• **Problem**
Exactly as written, output the lines below starting from the first and ending with the line that contains "(显示各吸嘴的真空检查的结果)"; omit pictures.
*** Opening Information supplied ***
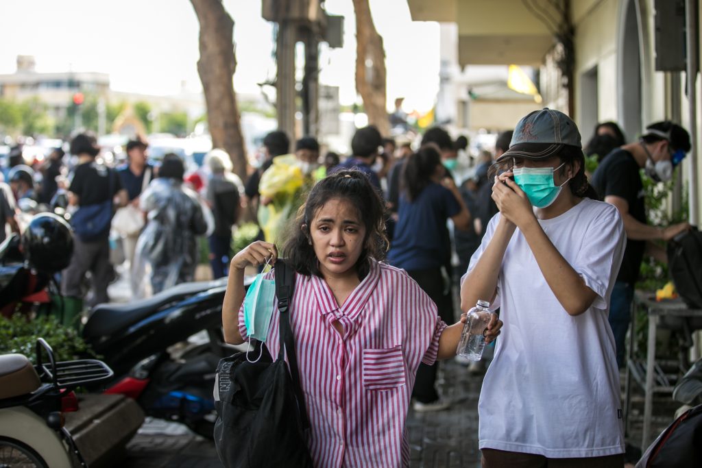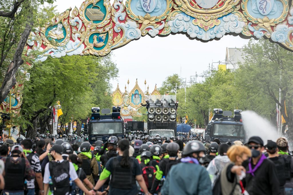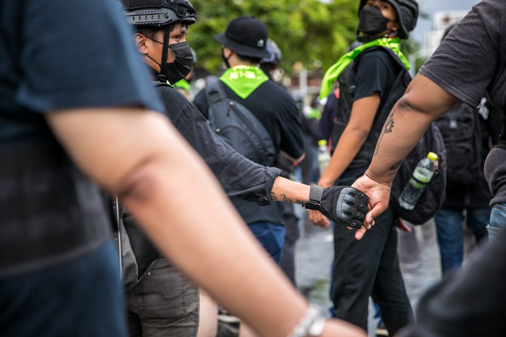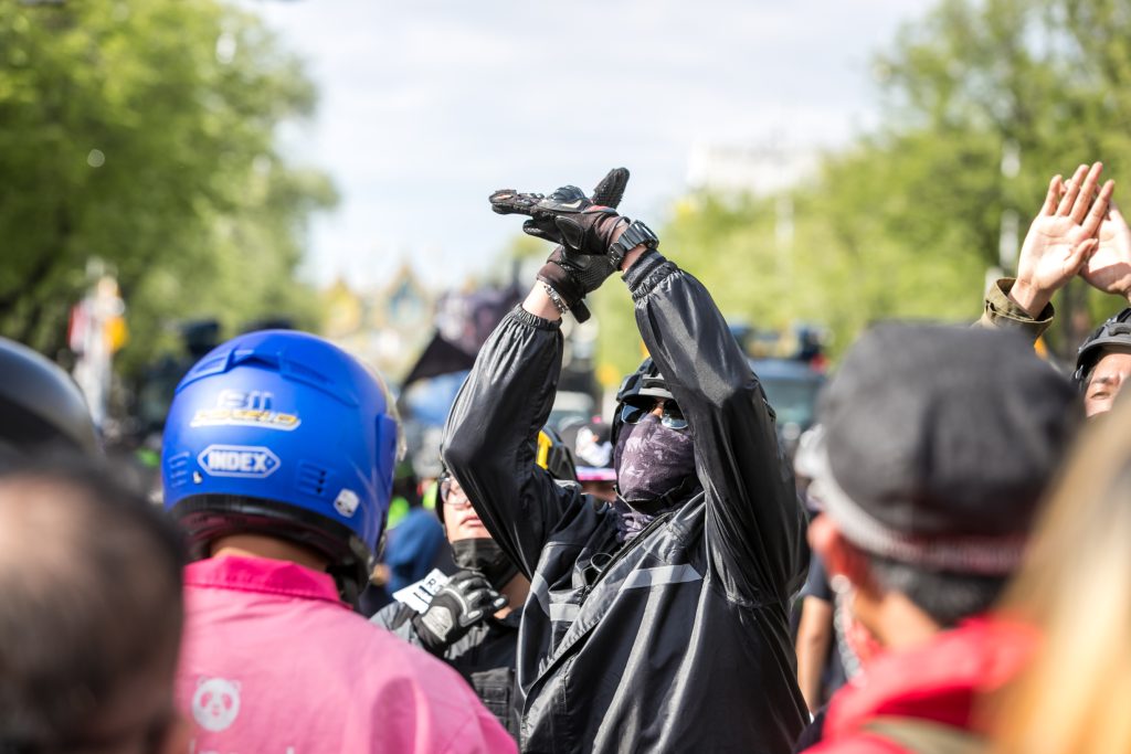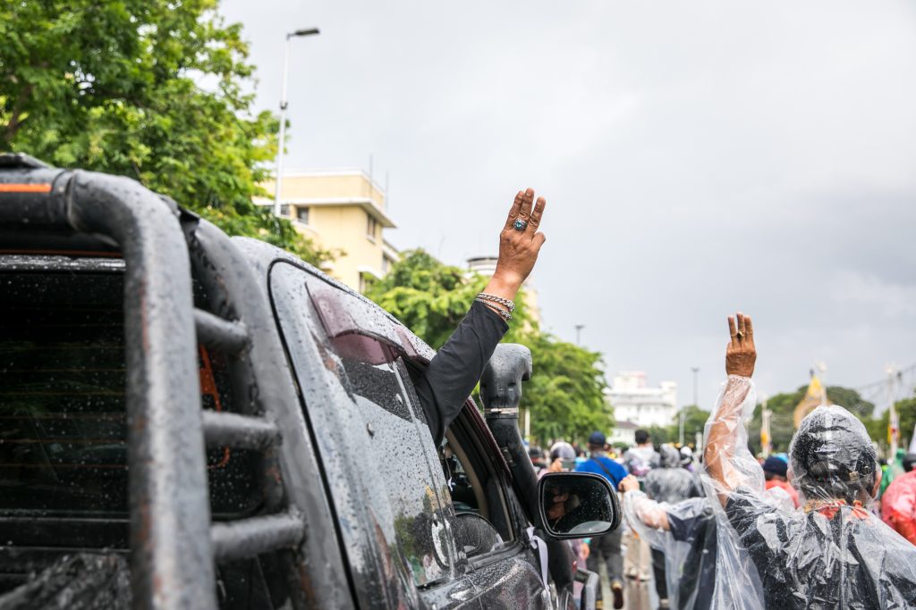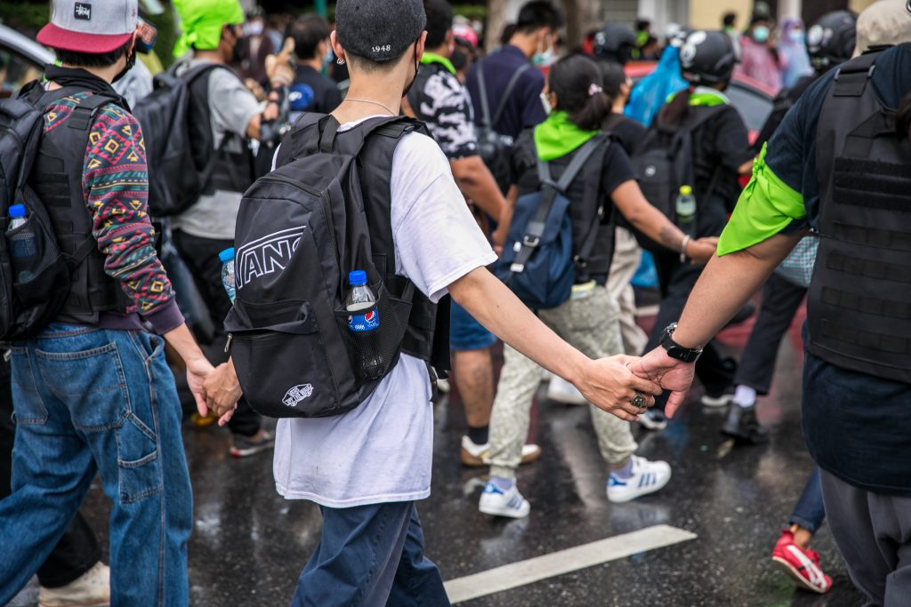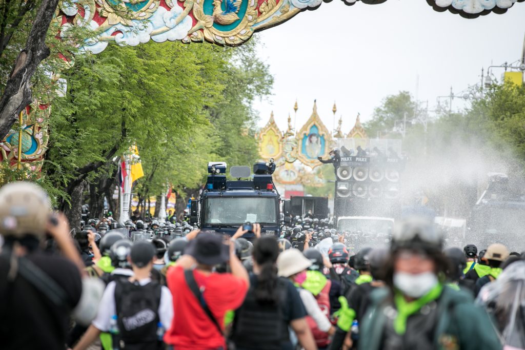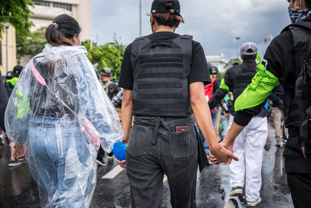 ภาพกิจกรรมการชุมนุมท่ามกลางการแพร่ระบาดของโควิด-19 นำโดยเยาวชนปลดแอก พร้อมกลุ่มแนวร่วมต่างๆ กับข้อเรียกร้อง 3 ข้อ คือ พล.อ.ประยุทธ์ จันทร์โอชา ต้องลาออกโดยไม่มีเงื่อนไข ปรับลดงบประมาณสถาบัน-กองทัพเพื่อนำมาใช้แก้ปัญหาโควิด และ หยุดซื้อวัคซีนด้อยคุณภาพที่เอื้อประโยชน์ต่อนายทุน แล้วไปจัดหาวัคซีนคุณภาพสูงมาฉีดให้กับประชาชนโดยเร็วที่สุด ผู้ชุมนุมตั้งขบวนบริเวณอนุสาวรีย์ประชาธิปไตย ก่อนมุ่งหน้าไปยังทำเนียบรัฐบาล โดยมีการแสดงออกในหลายรูปแบบ ทั้งป้ายข้อความต่างๆ หุ่นฟางที่ทำคล้ายศพเป็นสัญลักษณ์แทนผู้ที่เสียชีวิตจากโควิดจำนวนมากภายใต้การบริหารที่ล้มเหลวของรัฐบาล
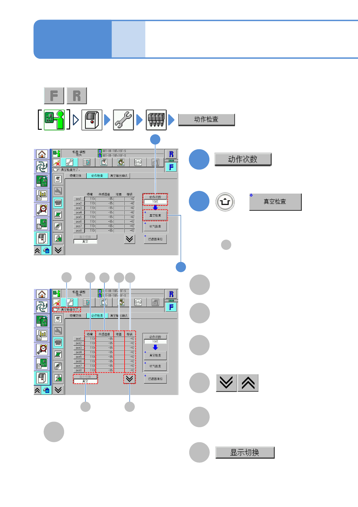 (显示各吸嘴的真空检查的结果)
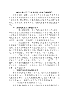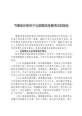 市委组织部关于巡察整改进展情况的报告根据X届省委第X轮巡视期间巡视巡察联动工作安排,以及X市委巡察工作统一部署,2023年X月X日至X月X日,X市委第X巡察组对X市委组织部进行了巡察。2023年X月X日,巡察组向X市委组织部反馈了巡察意见。按照党务公开原则和巡察工作有关要求,现将巡察整改进展情况报告如下。一、巡察整改主体责任落实情况X市委组织部坚持把巡察整改工作作为一项重大政治任务,严格按照整改方案既定措施,不折不扣地把各项整改任务落到实处。(一)加强组织领导,高位推动整改。迅速成立巡察整改工作领导小组,同步设立巡察整改工作领导小组办公室,牵头做好巡察整改的工作安排、协调推动、跟踪督办、材料报送等各项工作,形成了由部务会牵头抓总、各科室协同联动、科室负责人全员参与的巡察整改工作组织架构。(二)细化任务分解,压实整改责任。召开部机关落实X市委巡察反馈意见整改任务和责任分工会议,将巡察反馈意见和问题清单细化分解到相关科室和责任人,条条细化整改措施。高标准制定整改方案,明确整改时限、责任领导、责任部门和责任人,形成可量化、可检视、可追责的巡察整改任务书和时间表,确保整改责任层层落实。(三)动态跟踪督办,确保整改到位。部机关主要领导认真履行巡察整改工作第一责任人职责,亲力亲为抓督导。建立周报告、月调度工作机制,分管领导经常关注并推进分管条线的巡察整改工作,每周报告分管领域巡察整改进展情况;相关科室每月梳理整改任务落实情况并进行汇报。实行整改销号制度,办公室经常督促提醒,动态跟进各项整改任务落细落实。(四)健全长效机制,提升整改成效。进一步完善部机关内部管理制度,着力构建有效管用、简便易行的制度体系,切实做到以制度管权管事管人。把抓整改融入日常工作,紧盯关键重点,注重举一反三,组织各科室常态化有针对性地自查弱项、边查边改,形成自查整改长效机制,做到整改到位不反弹、防患于未然。二、巡察整改进展情况(一)学习贯彻党的XXX精神不够到位,紧贴中心大局践行新时代党的组织路线有差距1.关于学习领会新思想不够全面深入问题的整改情况。一是完善领学导学制度,利用月度办公会、部理论学习中心组(扩大)学习会契机,由部领导、业务骨干担任轮值讲师,带领组工干部研学党的XXX报告、党章等学习资料。常态督促各支部通过三会一课主题党日等形式,组织党员跟进学习党的创新理论。二是组织开展争创服务高质量发展先锋队主题实践活动,指导职能部门围绕全市中心工作制定服务清单、服务举措。认真落实四下基层制度,推进组工干部驻点调研,跟踪记录干部在应对紧急突发事件时的政治担当、工作实效等情况。对基层的好做法、好经验及时总结提炼、宣传推广,央视、《人民日报》、《光明日报》、《新华日报》及省市党媒多次推介X特色做法。三是出台《关于进一步发挥组织优势争当四敢先锋的若干举措》,开展四敢主题征文、典型宣讲、网络展示、担当有为好干文可居文库——海量学习资料,手机电脑均可下载www.wenkeju.com部评选等活动,宣传四敢先进典型,激发组工干部工作干劲。开展X组工大学堂、夜学堂、e学堂三联学堂,持续锻造堪当重任的高素质专业化组工尖兵。2.关于全方位发挥党建引领作用不够充分问题的整改情况。一是下发《全市经济薄弱村双提行动工作方案》,推动经济薄弱村结构提优、收入提速。组织开展村党组织书记全员轮训,举办发展村级集体经济擂台赛,引导村党组织书记拓宽发展集体经济的思路眼界、增强发展集体经济的能力活力。二是实施两新组织双有提升计划,部署底数排查、集中攻坚、巩固提升三大行动,实现党建情况大起底。把两新组织双有提升计划推进情况列为基层党建季度监测重点内容,推动区镇、街道一企一策抓提升。三是举办全市国有企业党组织书记学习贯彻XXX新时代中国特色社会主义思想示范培训班,提高国有企业党组织书记的政治素质和业务能力。把相关市属国有企业党委列为书记抓基层党建述职评议单位,强化考核问效,督促国有企业把抓党建与抓业务有效统筹起来。专题召开2023年度市级机关党组织书记抓基层党建述职评议会总结经验、查找不足,压实机关党建主体责任。组织开展服务高质量发展先锋队、融合党建服务品牌、机关党建书记项目优秀典型评选工作,分类进行通报表彰,推动党建与业务深度融合。举办市级机关党组织书记学习贯彻XXX新时代中国特色社会主义思想培训班,不断提升机关党务干部业务能力。四是遴选党耀X党建品牌进行集中评审,评选出A、B、C三档品牌,通过梯次化评选去粗取精,真正发挥党建品牌引领作用。3.关于新时代人才引领集聚效应不够凸显问题的整改情况。文可居文库——海量学习资料,手机电脑均可下载www.wenkeju.com一是强化高端人才
*** Closing Information supplied ***
• **Written answer**
 ภาพกิจกรรมการชุมนุมท่ามกลางการแพร่ระบาดของโควิด-19 นำโดยเยาวชนปลดแอก พร้อมกลุ่มแนวร่วมต่างๆ กับข้อเรียกร้อง 3 ข้อ คือ พล.อ.ประยุทธ์ จันทร์โอชา ต้องลาออกโดยไม่มีเงื่อนไข ปรับลดงบประมาณสถาบัน-กองทัพเพื่อนำมาใช้แก้ปัญหาโควิด และ หยุดซื้อวัคซีนด้อยคุณภาพที่เอื้อประโยชน์ต่อนายทุน แล้วไปจัดหาวัคซีนคุณภาพสูงมาฉีดให้กับประชาชนโดยเร็วที่สุด ผู้ชุมนุมตั้งขบวนบริเวณอนุสาวรีย์ประชาธิปไตย ก่อนมุ่งหน้าไปยังทำเนียบรัฐบาล โดยมีการแสดงออกในหลายรูปแบบ ทั้งป้ายข้อความต่างๆ หุ่นฟางที่ทำคล้ายศพเป็นสัญลักษณ์แทนผู้ที่เสียชีวิตจากโควิดจำนวนมากภายใต้การบริหารที่ล้มเหลวของรัฐบาล
 (显示各吸嘴的真空检查的结果)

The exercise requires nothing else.